_WHAT IS EXPECTED_
Apart from pictures, transcribe exactly each line from the one containing "وكتب أحمد السقا" through the final line of the listing below.

_SOURCE DATA_
▬▬▬▬▬▬
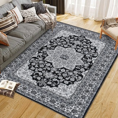 Vintage Area Rugs Machine Washable Rug Stain Resistant Carpet Non-Slip Low Pile Carpet Mat for Hallway Kitchen Beige
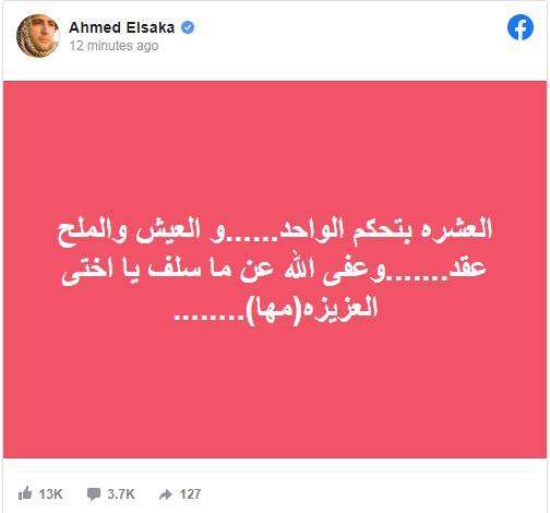 وكتب أحمد السقا عبر صفحته: "العشره بتحكم الواحد......و العيش والملح عقد.......وعفى الله عن ما سلف يا اختي العزيزة (مها)".
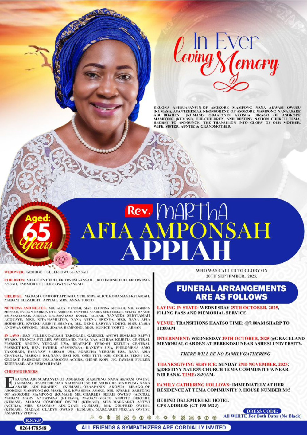 Private Burial Service at Transitions Place. Asore Junction, Haatso Accra
▬▬▬▬▬▬
_EXERCISE RESULT_
 وكتب أحمد السقا عبر صفحته: "العشره بتحكم الواحد......و العيش والملح عقد.......وعفى الله عن ما سلف يا اختي العزيزة (مها)".
 Private Burial Service at Transitions Place. Asore Junction, Haatso Accra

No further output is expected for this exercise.